__What the task asks__. Exclude the pictures and repeat all of the data exactly.

__Collected material__.

● ● ● ● ● ● ●

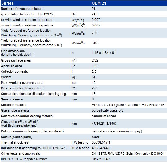 Ritter Gruppe - Model OEM 21 -Evacuated Tube Collector
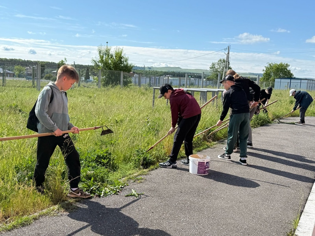 Школа начинается с пришкольного участка, поэтому летняя трудовая практика учащихся занимает важное место в работе школы.Учащиеся 5 класса работают на пришкольном участке: занимаются прополкой, поливкой цветов, уборкой территории школы.
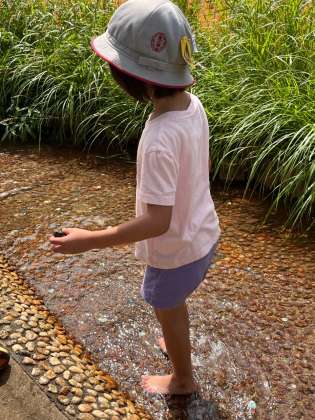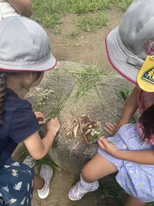 授業で習った草相撲に使えそうな草を探したり、水遊びを行ったりしました。

● ● ● ● ● ● ●

__Task output__.
 Ritter Gruppe - Model OEM 21 -Evacuated Tube Collector
 Школа начинается с пришкольного участка, поэтому летняя трудовая практика учащихся занимает важное место в работе школы.Учащиеся 5 класса работают на пришкольном участке: занимаются прополкой, поливкой цветов, уборкой территории школы.
 授業で習った草相撲に使えそうな草を探したり、水遊びを行ったりしました。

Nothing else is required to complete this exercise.